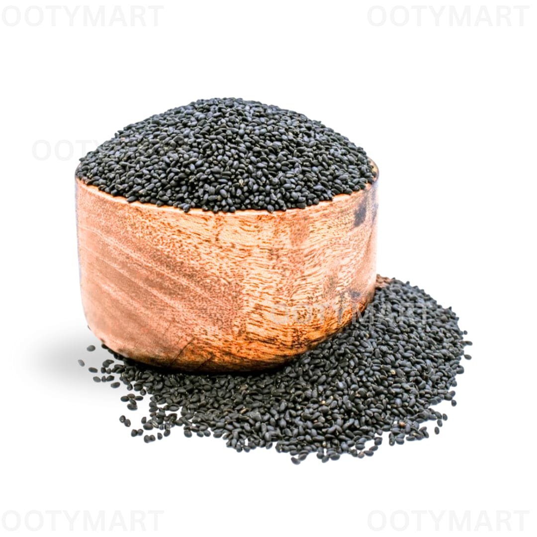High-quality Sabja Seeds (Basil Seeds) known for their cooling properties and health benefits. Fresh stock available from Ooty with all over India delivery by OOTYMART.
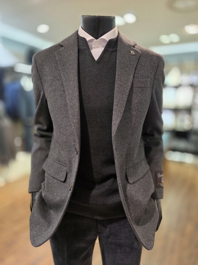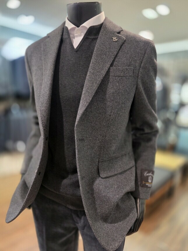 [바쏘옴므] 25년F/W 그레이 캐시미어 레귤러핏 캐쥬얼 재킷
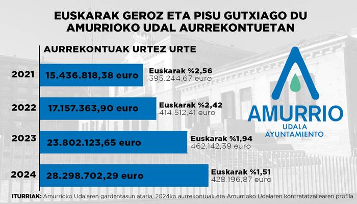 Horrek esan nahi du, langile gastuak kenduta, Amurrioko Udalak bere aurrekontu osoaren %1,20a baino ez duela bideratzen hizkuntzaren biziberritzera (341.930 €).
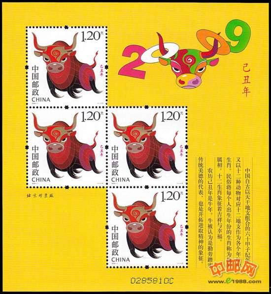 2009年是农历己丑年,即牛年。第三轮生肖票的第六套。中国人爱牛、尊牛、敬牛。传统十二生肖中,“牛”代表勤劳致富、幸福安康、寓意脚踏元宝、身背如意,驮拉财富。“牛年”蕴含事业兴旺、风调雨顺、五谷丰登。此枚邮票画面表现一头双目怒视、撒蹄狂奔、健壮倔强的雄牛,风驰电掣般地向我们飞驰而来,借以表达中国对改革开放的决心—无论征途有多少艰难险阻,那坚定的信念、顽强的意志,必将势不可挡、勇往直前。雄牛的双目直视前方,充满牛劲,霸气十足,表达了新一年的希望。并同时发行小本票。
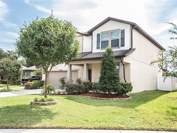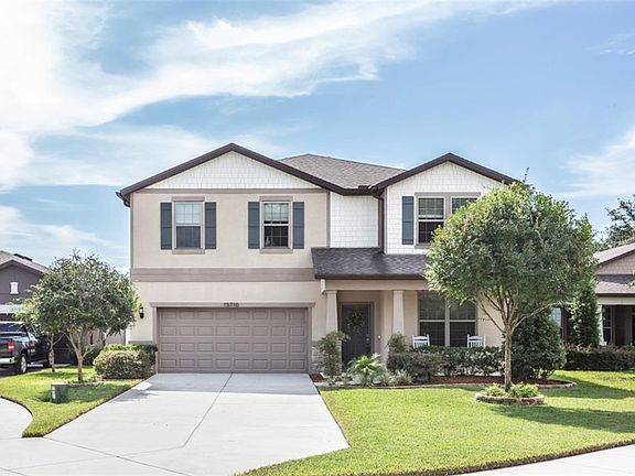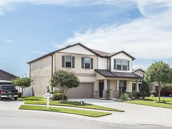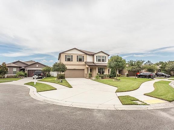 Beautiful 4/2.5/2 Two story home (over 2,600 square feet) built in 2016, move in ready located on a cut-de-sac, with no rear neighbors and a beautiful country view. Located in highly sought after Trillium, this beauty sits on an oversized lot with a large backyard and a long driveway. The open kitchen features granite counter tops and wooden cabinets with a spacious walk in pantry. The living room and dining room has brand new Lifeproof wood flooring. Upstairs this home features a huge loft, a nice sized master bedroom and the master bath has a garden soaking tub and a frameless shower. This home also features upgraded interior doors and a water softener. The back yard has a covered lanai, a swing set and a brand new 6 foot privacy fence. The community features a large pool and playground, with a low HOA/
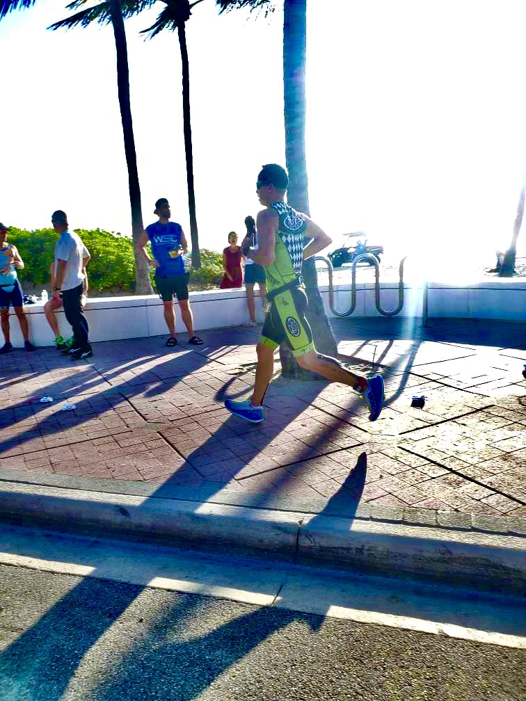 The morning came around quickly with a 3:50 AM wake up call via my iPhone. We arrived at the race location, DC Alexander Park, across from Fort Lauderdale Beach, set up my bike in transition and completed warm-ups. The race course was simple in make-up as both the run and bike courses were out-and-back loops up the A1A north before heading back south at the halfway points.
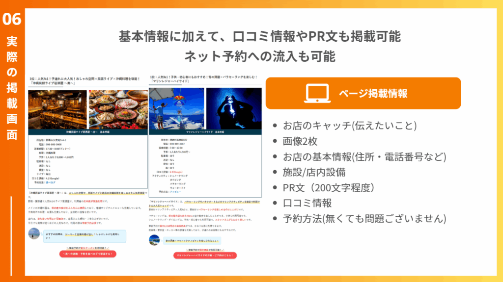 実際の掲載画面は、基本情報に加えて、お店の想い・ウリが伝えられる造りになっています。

# # # # #

__Your task__. Reproduce all of the entries exactly as they appear, though any picture they include must be omitted.

__Answer to this exercise__.
High-quality Sabja Seeds (Basil Seeds) known for their cooling properties and health benefits. Fresh stock available from Ooty with all over India delivery by OOTYMART.
 [바쏘옴므] 25년F/W 그레이 캐시미어 레귤러핏 캐쥬얼 재킷
 Horrek esan nahi du, langile gastuak kenduta, Amurrioko Udalak bere aurrekontu osoaren %1,20a baino ez duela bideratzen hizkuntzaren biziberritzera (341.930 €).
 2009年是农历己丑年,即牛年。第三轮生肖票的第六套。中国人爱牛、尊牛、敬牛。传统十二生肖中,“牛”代表勤劳致富、幸福安康、寓意脚踏元宝、身背如意,驮拉财富。“牛年”蕴含事业兴旺、风调雨顺、五谷丰登。此枚邮票画面表现一头双目怒视、撒蹄狂奔、健壮倔强的雄牛,风驰电掣般地向我们飞驰而来,借以表达中国对改革开放的决心—无论征途有多少艰难险阻,那坚定的信念、顽强的意志,必将势不可挡、勇往直前。雄牛的双目直视前方,充满牛劲,霸气十足,表达了新一年的希望。并同时发行小本票。
 Beautiful 4/2.5/2 Two story home (over 2,600 square feet) built in 2016, move in ready located on a cut-de-sac, with no rear neighbors and a beautiful country view. Located in highly sought after Trillium, this beauty sits on an oversized lot with a large backyard and a long driveway. The open kitchen features granite counter tops and wooden cabinets with a spacious walk in pantry. The living room and dining room has brand new Lifeproof wood flooring. Upstairs this home features a huge loft, a nice sized master bedroom and the master bath has a garden soaking tub and a frameless shower. This home also features upgraded interior doors and a water softener. The back yard has a covered lanai, a swing set and a brand new 6 foot privacy fence. The community features a large pool and playground, with a low HOA/
 The morning came around quickly with a 3:50 AM wake up call via my iPhone. We arrived at the race location, DC Alexander Park, across from Fort Lauderdale Beach, set up my bike in transition and completed warm-ups. The race course was simple in make-up as both the run and bike courses were out-and-back loops up the A1A north before heading back south at the halfway points.
 実際の掲載画面は、基本情報に加えて、お店の想い・ウリが伝えられる造りになっています。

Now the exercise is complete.